In the years that followed, Levi set out on a period of rediscovery, continuing to support the philanthropic causes May was passionate about and spending more time in the yet-to-be-developed natural surroundings of Spokane.

While on a hike in the rolling hills on the north bank of the Spokane River, Hutton admired the landscape and found inspiration in My Heart Leaps Up, an 1807 poem by William Wordsworth. Envisioning a home for children who, like him, had experienced adversity, Levi started acquiring the 319 acres of land approximately 8 miles east-northeast of downtown Spokane that would become Hutton Settlement.

Noted local architect Harold Whitehouse was tasked with the design and construction of Hutton Settlement’s campus buildings; Levi didn’t give him a budget; instead he asked for something that would last for 250 years.

Hutton Settlement opened in 1919, offering hope, opportunity, a sense of belonging and a home to children facing challenging circumstances. The campus featured a working farm with cattle and pigs as a way to be self-sufficient and accommodate living on the outskirts of town. The original barn still sits at the top of a hill overlooking the campus and providing sweeping views of the nearby development that came to surround Hutton Settlement as Spokane grew to this part of town. Upon his death in 1928, Levi left the land to a private trust, ensuring that all 319 acres would remain untouched and used as he intended. Hutton Settlement is still primarily funded through an endowment, including a portfolio of commercial real-estate holdings left by Levi, eliminating dependence on government funding.

 
 

Hutton employs a “Circle of Security” care model these days, straying from a behavioral model that has long been the standard in other residential care settings. “Our difference is we focus on connection over compliance,” says Director of Education David Milliken.

At 52, the certified National Geographic Educator and graduate from Gonzaga’s Master’s of Organizational Leadership program has spent over half his life living and working at Hutton, serving as the campus director for many years before transitioning to his current position in 2021. Milliken notes that kids often arrive at Hutton with a mistrust of the world or a belief that they themselves have done something wrong. 

“They’re literally on our doorstep, oftentimes not with family, about to be placed into a community where they know no one. Now that’s a tragedy whether you’re five or 50.”

Hutton Settlement and its four cottages can house up to 40 kids ranging from six to 18, each with a set of “house parents” to supervise their residents and foster a familial setting. 

“These deeply caring individuals are trained to tap into those wounded areas and navigate—for years and years and years—life with these kids so that they begin to see that caregivers aren’t threatening. Caregivers can be trusted,” adds Milliken.

Part of Milliken’s desire to transition into his current role came about after seeing how systemic failures and state policies fueled a culture of fear in the child welfare industry that assumed kids were a problem who needed to be fixed and fueled a disconnect between them and their caregivers.

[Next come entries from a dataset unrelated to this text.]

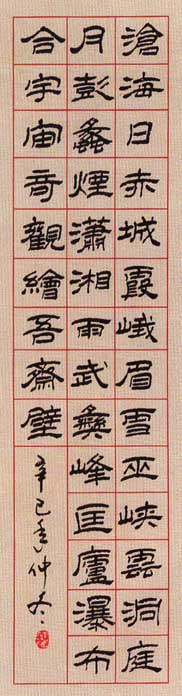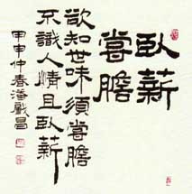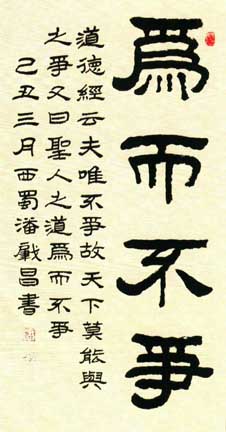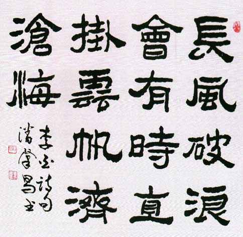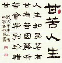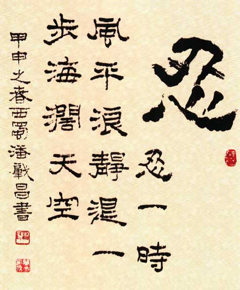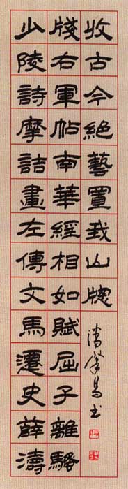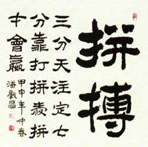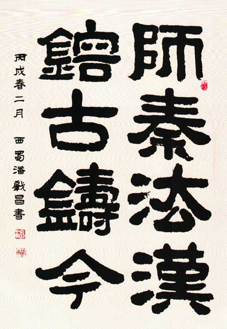 潘肇昌(1946—)别号中立山人,四川绵阳人,96届中国书协培训中心研修班结业。书艺入手于汉隶多重名牌。对汉、清两代隶书深入研究,创造了自成风貌的《潘肇昌录书(简称潘隶)》。书作师古不泥、雄健俊美、刚柔相济。近年对隶书章法多有创新,深得海内外藏家抬爱。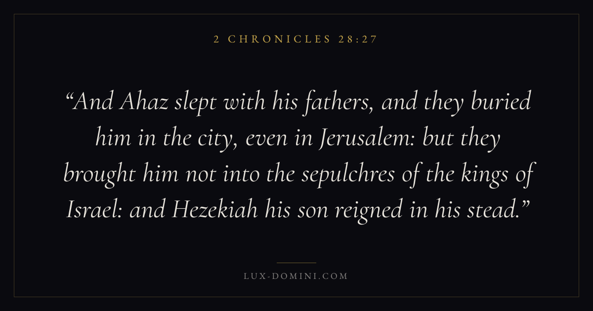 And Ahaz slept with his fathers, and they buried him in the city, even in Jerusalem: but they brought him not into the sepulchres of the kings of Israel: and Hezekiah his son reigned in his stead.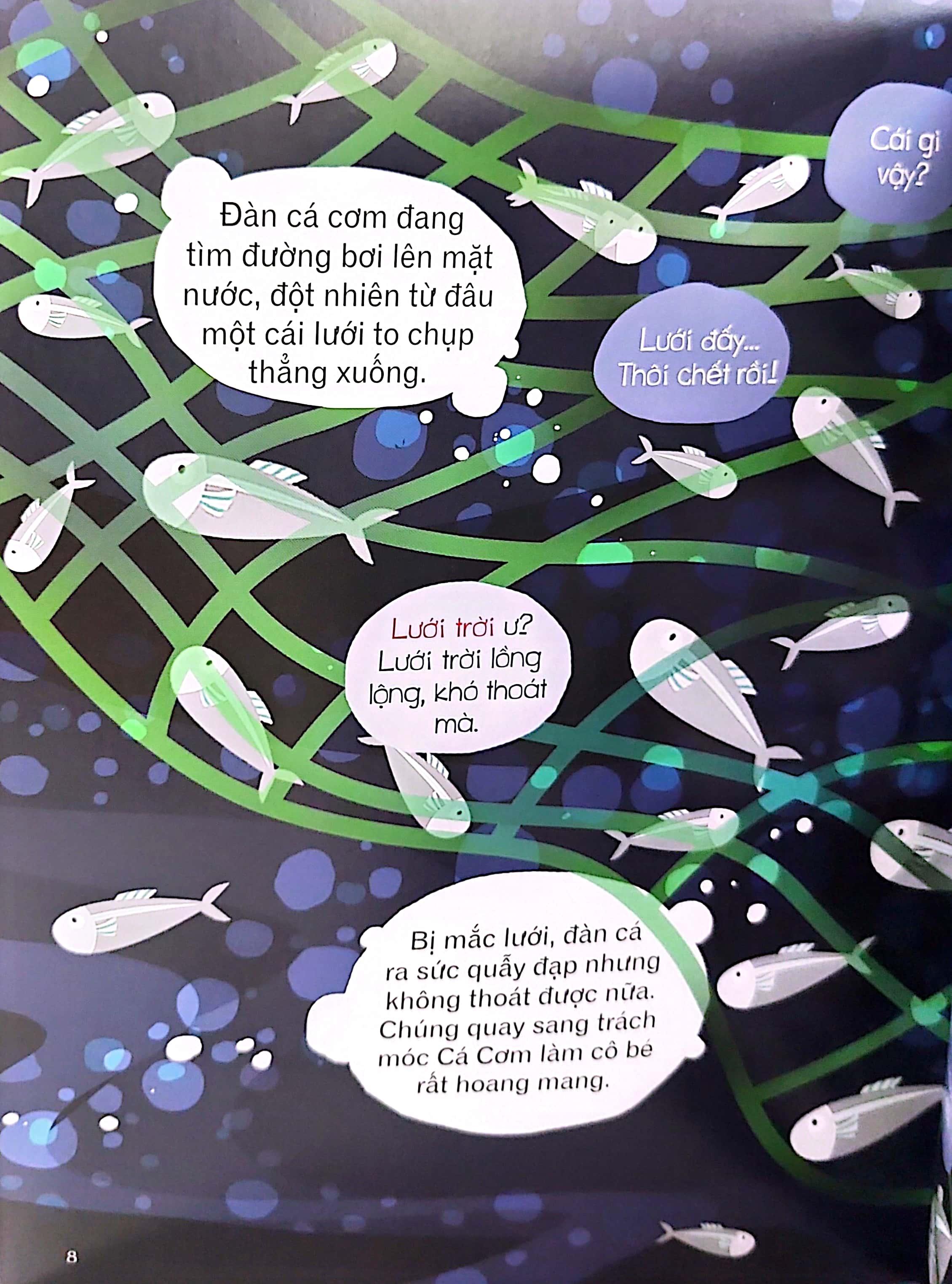 Ở Vương Quốc CÁ, vì bé nhỏ nên Cá Cơm hay bị các loài cá khác trêu chọc và bắt nạt. Cá Cơm buồn lắm. Một ngày nọ, cô bé tập hợp gia đình m.ình lại và thông báo một quyết định táo bạo: Cá Cơm sẽ lên bờ .
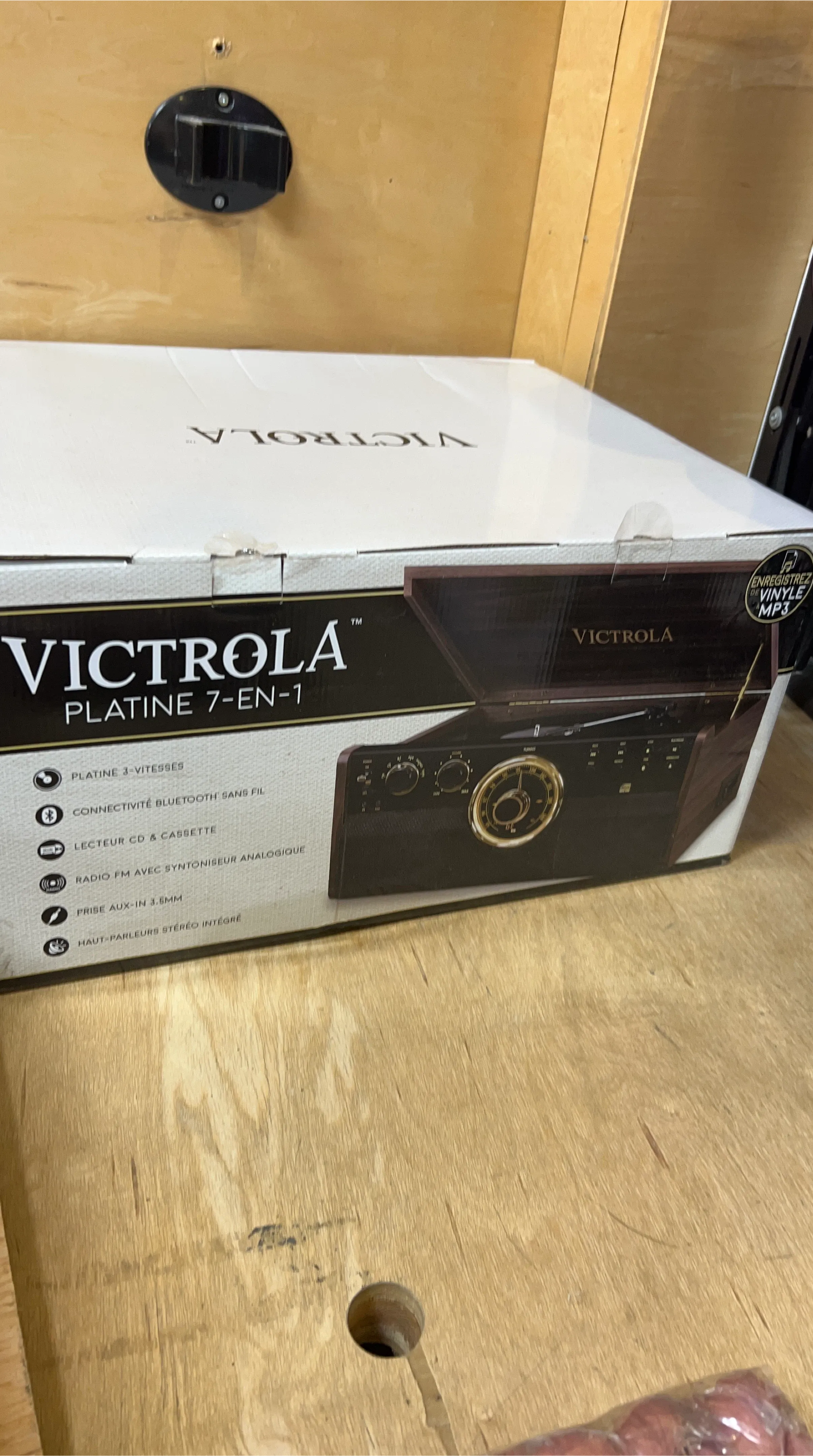 Selling a Victrola 7-EN-1 Platine. It has 3 speeds, Bluetooth connectivity, a CD and cassette player, FM radio, a 3.5mm aux input, and built-in stereo speakers. It also records vinyl to MP3! Box included

Milliken remembers a Hutton resident breaking down in tears at his high school graduation, who despite apparent successes in the classroom, playing sports and participating in student government, still felt something was missing inside.

“He said ‘I’m actually leaving here with a big black hole in my heart.’ And that was a gut punch for me,” recounts Milliken. “We were blinded to some of these deeper needs and just masking them with external things. So there was a huge shift, and we decided we need to be even more intentional and tap into things at the heart-level. We realized that what we need to do is change the mindset and not focus on the behavior change.”

This perspective has driven Milliken’s desire to present Hutton Settlement kids with programs and opportunities to explore life as a whole in the hopes that they find out what their passions are–and what they aren’t. Milliken was vital to the development of the HOPE Neighborhood Roasters program, as he was the one who initially mentored Ritzmann and introduced him to the possibility of roasting coffee.

“When I first met David, I was selling paraphernalia at school, and he saw this entrepreneurial spark in me. I remember vividly the time I got caught selling weed at school; I was 16 years old, trying to save up to buy a car, and so I did what I knew best and that was to sell. David took me into his office and told me, ‘You can either stay and stop selling these drugs and what you’ll come to see is an endless world of opportunities. Or you can continue to sell drugs, and Hutton, being a place of developing children, will have to find you another residence,’” recalls Parker. “This sense of choice really took me off guard. The man that runs the show is telling me I can continue to sell drugs, but I’ll lose my home–maybe I should stop selling drugs, I thought. After bouncing around throughout the country in multiple homes, I saw how good Hutton was, and I saw just a glimpse of where I could go with this community.

After that moment my outlook on Hutton really changed. I saw it as a place of community and togetherness. I saw it as a place for opportunity.”

Milliken tries to drive home to all of the kids who come through Hutton Settlement that even when they leave, they are part of the largest family in Spokane. More than that, he hopes that they are transformed.

“My role as I direct educational programs is to really expose them to a world that is different. A world of awe and wonder and interconnectivity and community. And to help them understand that at their deepest core is goodness,” he says.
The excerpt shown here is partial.